委員:樹木の伐採の量はどれくらいですか。

 

事業者(防衛局):樹高が約9mのサキシマスオウノキが約284本、樹高が約1〜2mのクワズイモが約853本、樹高が約2〜13mのスダジイが約16486本、樹高が約2〜13mのアマミアラカシが約8812本、樹高が約2〜6mのクロツグが約7106本となっております。

 

(中略)

 

委員:いずれにしろ、約 83,000㎡をほぼ伐採するということですね。

…『令話3年度第1回石垣市景観形成審議会 発言記録』(2021年4月23日・石垣市役所 第1会議室)より

 

 2006年、石垣市は景観法(2004年公布)に基づく「景観行政団体」となり、2007年に『石垣市風景計画』※を策定した。

 

※ 石垣市風景計画は、市民、事業者、行政ならびに来訪者が、石垣島の風景と向かい合う際の基本理念、基本認識を明示するとともに、良好な風景を保全・創出ならびに次の世代へ引き継ぐための方針、行動指針、推進体制などが明記されており、市民、事業者、行政ならびに来訪者など、風景づくりに関わる全ての人が準拠すべき規範としてつくられています。…『石垣市風景計画 概要版(改訂版)』「計画の意義と役割」より   

▶石垣市風景計画/石垣市ホームページ

 

 この計画の具体的な規制誘導手続きを定める『石垣市風景づくり条例』が2007年に公布された。2007年6月以降、条例で定める行為をする場合、事前に景観法に基づく届出が必要になった。例えば、「建築物/工作物の新築・新設・増築・改築・移転及び色彩の変更」「土地の造成や土地の形質の変更(行為に係る面積が500㎡以上の場合)「樹木の伐採(…推定樹齢が20年以上のもの、又は、高さが5m以上のもの)などが「良好な景観の形成に支障を及ぼすおそれのある行為」として届出が必要になる。

 

 届出された案件については、景観形成審議会を活用しながら協議が行われる。

 


平得大俣の森(写真:石垣島在住のMさん)

 

 景観法に基づく沖縄防衛局による「行為通知書」について、景観形成審議会が市民に周知もされずにひっそりと行われ、協議が終了した。

 

 通知された「行為」とは、陸上自衛隊駐屯地建設計画地内の「石垣市平得大俣1273番地20 ほか20筆」における造成工事と、それに伴う樹木の伐採などの行為を指すようだ。通知書は今年4月13日に石垣市に受理され、5月14日に協議が終了した旨が石垣市から防衛局に通知された。

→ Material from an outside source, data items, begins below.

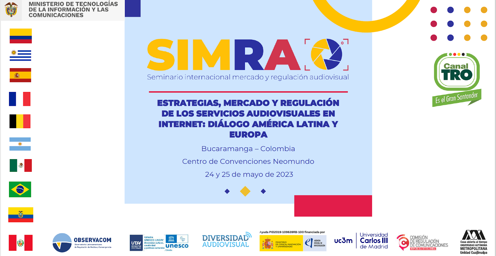 El grupo de Investigación Diversidad Audiovisual co-organizó el Seminario Internacional Mercado y Regulación Audiovisual “Estrategias, mercado y regulación de los servicios audiovisuales en Internet: diálogo América Latina y Europa”, que se celebró en Bucaramanga, Colombia, los días 24 y 25 de mayo de 2023.
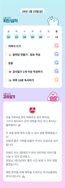 [지투실전 27기 쑤튜님과함께 🌱쑤욱쑤욱 성장하는 2린0ㅣ들 주니유니맘2]260117토
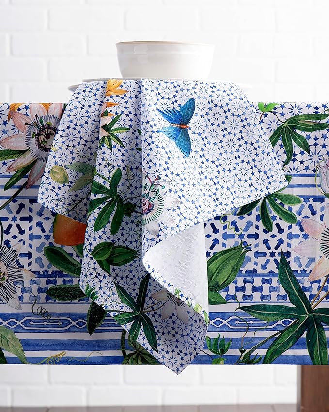 Maison d' Hermine Cloth Napkins Set of 4 100% Cotton Everyday Reusable Square Napkins Cloth Washable, Dinner, Party, Wedding, Restaurant, Spring/Summer (Passiflora, 20" x 20")
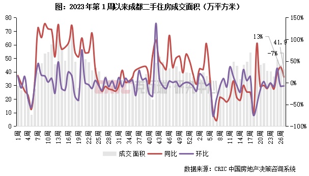 同比增幅收窄至13%2024年第27周,成都二手住房成交面积41.9万平方米,环比下降7%,同比增长13%,较周均值增长11%。
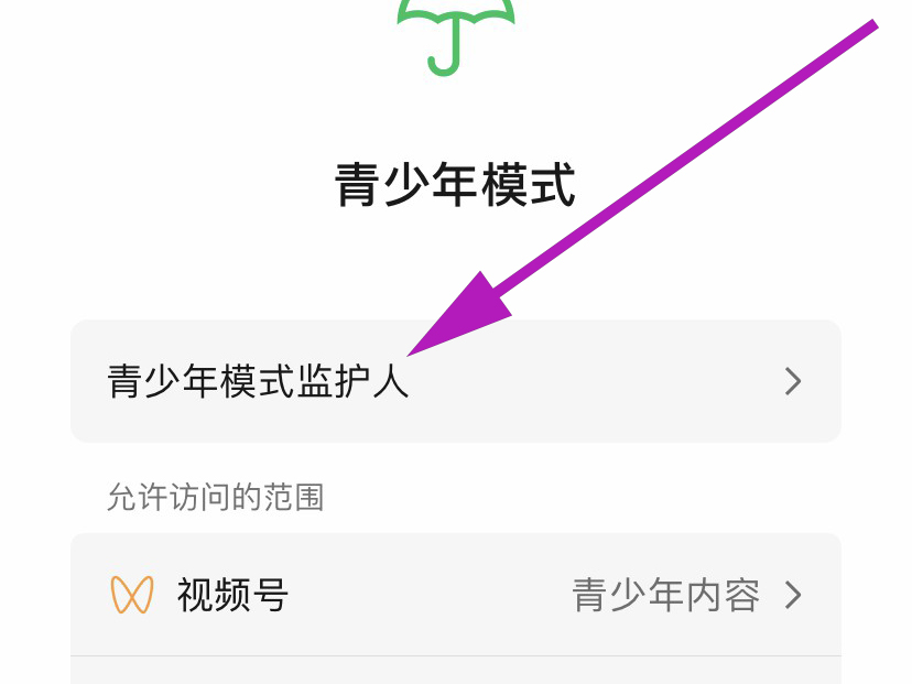 2、在青少年模式页面中,找到“青少年模式监护人”的选项,然后点击进入。
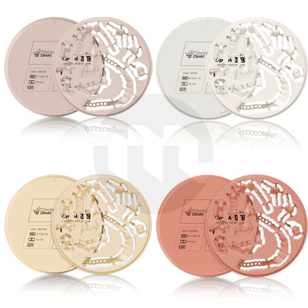 Cores: Natural, Branco, Dentina e Gengiva. Os blocos DDpeek MED oferecem a combinação ideal de biocompatibilidade e resistência à fratura.
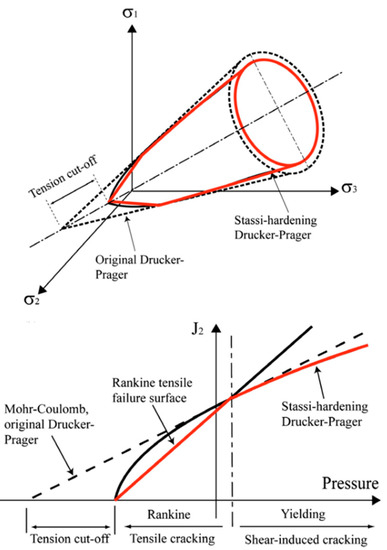 Various strength models have been used to simulate the rock cutting process in previous studies. The function of the yield stress of a material was determined by the strength model in AUTODYN. The Drucker–Prager (DP) strength model (Figure 6) is suitable for elasto-plastic materials such as rock [32]. Moreover, the applicability of the DP strength model in rock cutting simulation has been shown in previous studies [6,9,11,33,34,35]. Because it is a linear function, the DP model was converted to the non-linear Stassi-hardening function [36] to describe the brittle behavior that is significantly weaker in tension than in compression during fragmentation of rock cutting [9]. In this study, the yield strength under tensile stress was assumed to be 90% of the Brazilian tensile strength of rock, and yield strength under compressive stress was assumed to be 90% of the uniaxial compressive strengths of rock. Tension cut-off level is determined on the basis of the tensile strength of rock. In Figure 6, on the left hand side of the intersection between the Rankine and Stassi-hardening functions, tensile yielding is dominant; on the right hand side, shear yielding is dominant [9].
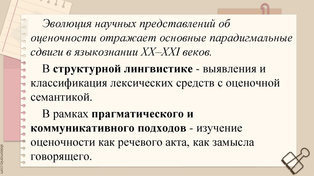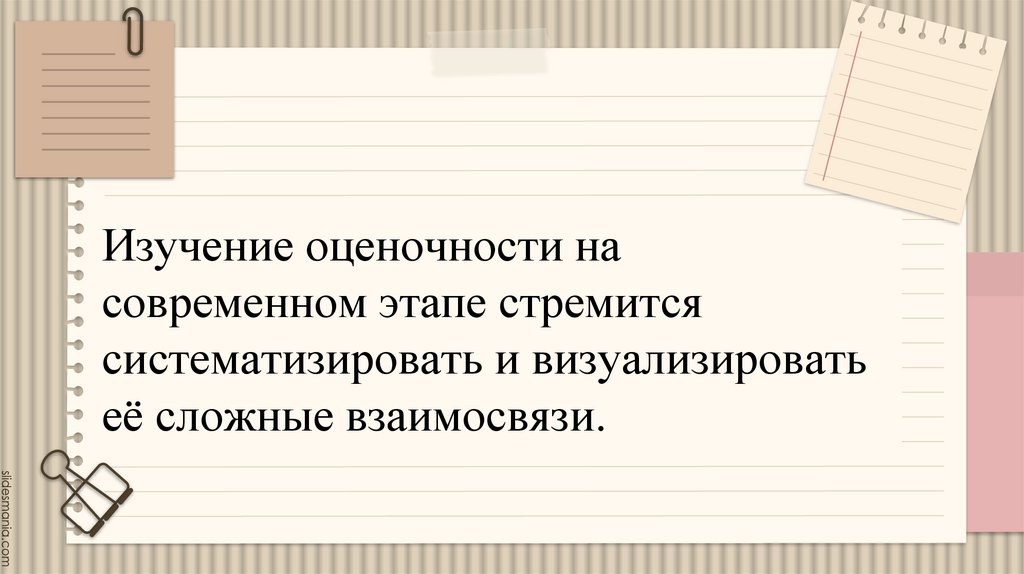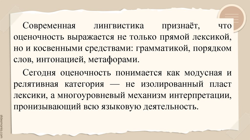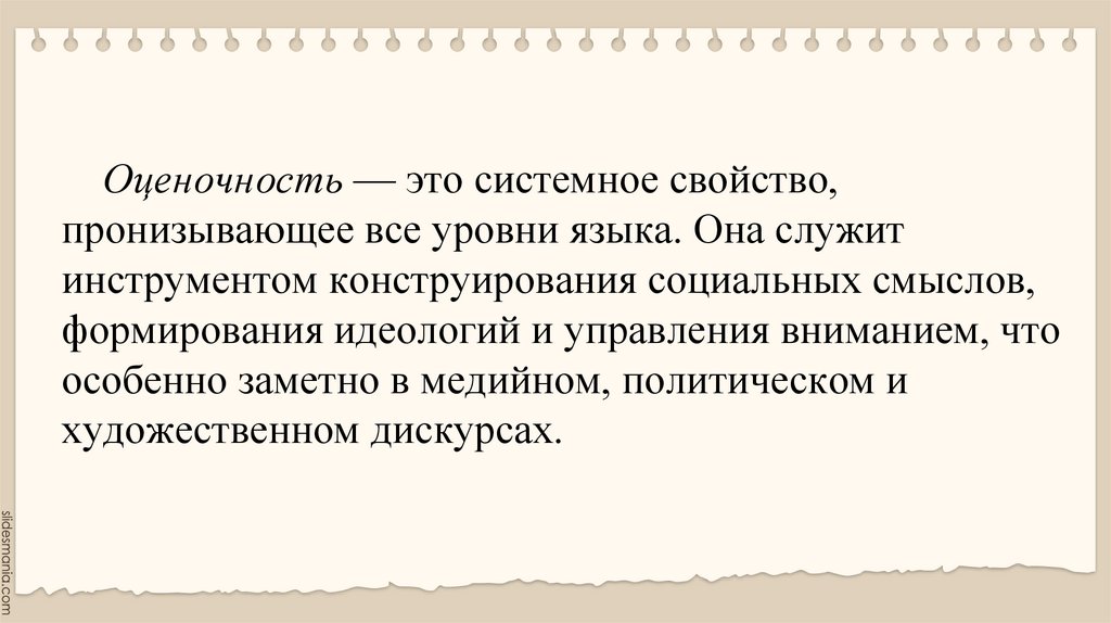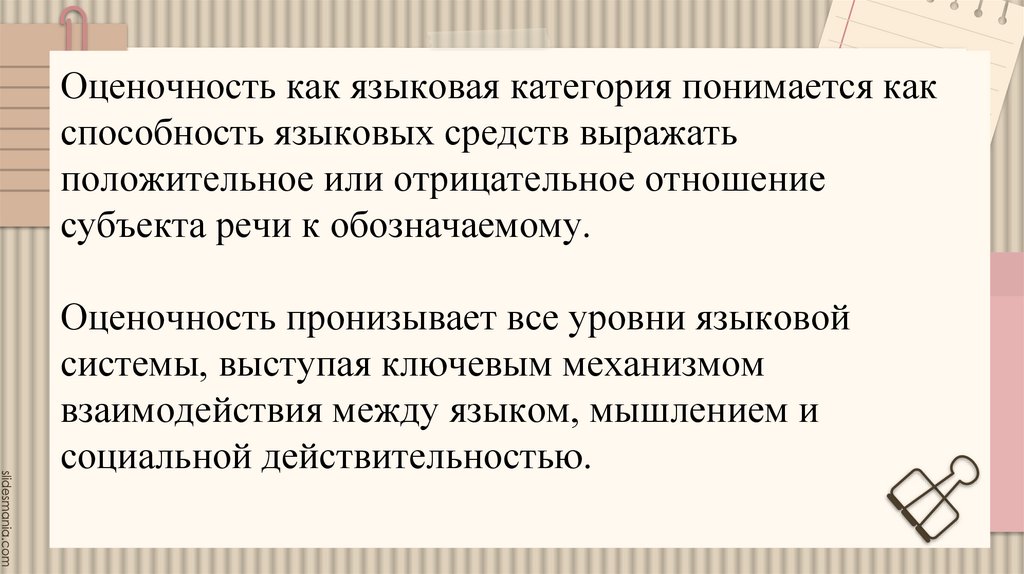 Оценочность — это системное свойство,пронизывающее все уровни языка. Она служит
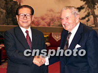 江澤民:中國加入世貿(mào)組織有利于中美經(jīng)貿(mào)合作 2001年09月28日 21:09 ![]() 中國國家主席江澤民二十八日在北京中南海會見美國銀行家洛克菲勒先生。中新社記者 毛建軍 攝
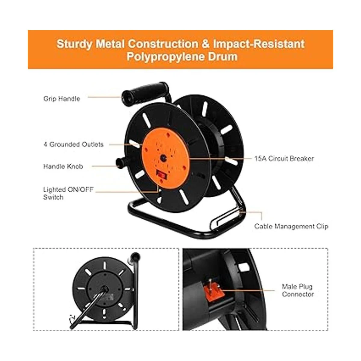 Resistente, duradero y portátil: certificado según ETL; este carrete de cable eléctrico resistente tiene un diseño de tambor abierto de polipropileno resistente a los impactos con asa de transporte de metal rígido y base de acero duradero; lleva la potencia a donde necesites trabajar; el rodillo de cable de extensión es una opción segura y conveniente para muchos tipos de tareas

 防衛局宛の協議終了の通知と、添付書類『令和3年度第1回石垣市景観形成審議会 発言記録』が石垣市のホームページに掲載され ▶ホームページ(ページ下↓にも掲載)、審議会が行われ終了したことが判明した。

 審議会が行われたのは4月23日(金)、石垣市役所 第1会議室。出席者は委員11名、事務局6名と事業者の防衛局。肝心な防衛局による行為通知書の概要説明が省略されていて、防衛局が用意した資料も公開されていないので、何について審議しているのか分かりづらい。ただ、冒頭に引用したように、膨大な数量の樹木(3万3千541本!…「代表的な」伐採木として)が伐採されようとしていることが分かった。発言記録から推測すると、今回届出の行為面積は82,256.2㎡でそのほぼ全てを伐採するが、そのうち数本から10本程度を移植する、また、伐採木の有効利用について検討する、ビオトープをつくりグラウンドには芝生を植える、そのことをもって景観への配慮とするつもりのようだ。

 

 審議はこの一回だけで打ち切られた。82,256.2㎡は、陸自駐屯地計画地敷地面積全体のおよそ18%にあたる。

 

 

 琉球の島々の森といえば、ブロッコリィのような、モコモコとした森が思い浮かぶ。スダジイ(イタジイ)などの常緑広葉樹を優占種とする森。スダジイ約16486本。アマミアラカシも琉球弧の代表的な常緑樹で、奄美大島〜与那国島の固有種。アマミアラカシ約8812本。こんもりした常緑樹の森も、一歩中に入ると、薄暗くひんやりとしたジャングルだろう。ところどころ木漏れ日が降り注ぎ、クロツグの長い葉が光を受けている。クロツグは森林の低木層を構成するヤシ科の植物。幹は高くならないが、葉の長さは3mにも達するという。クロツグ約7106本。傘になりそうな大きな葉でおなじみのクワズイモもあちらこちらに。クワズイモ約853本。それから…、板状の根が特徴の、熱帯の神秘的な木、サキシマスオウノキ。板根は、湿地など弱い地盤でも高く成長できるように発達したものらしい。サキシマスオウノキ約284本

 

 伐採されようとしている樹木の名まえと本数から、豊かな森の姿が思い浮かぶ…。そこには、無数の生きものが暮らしている。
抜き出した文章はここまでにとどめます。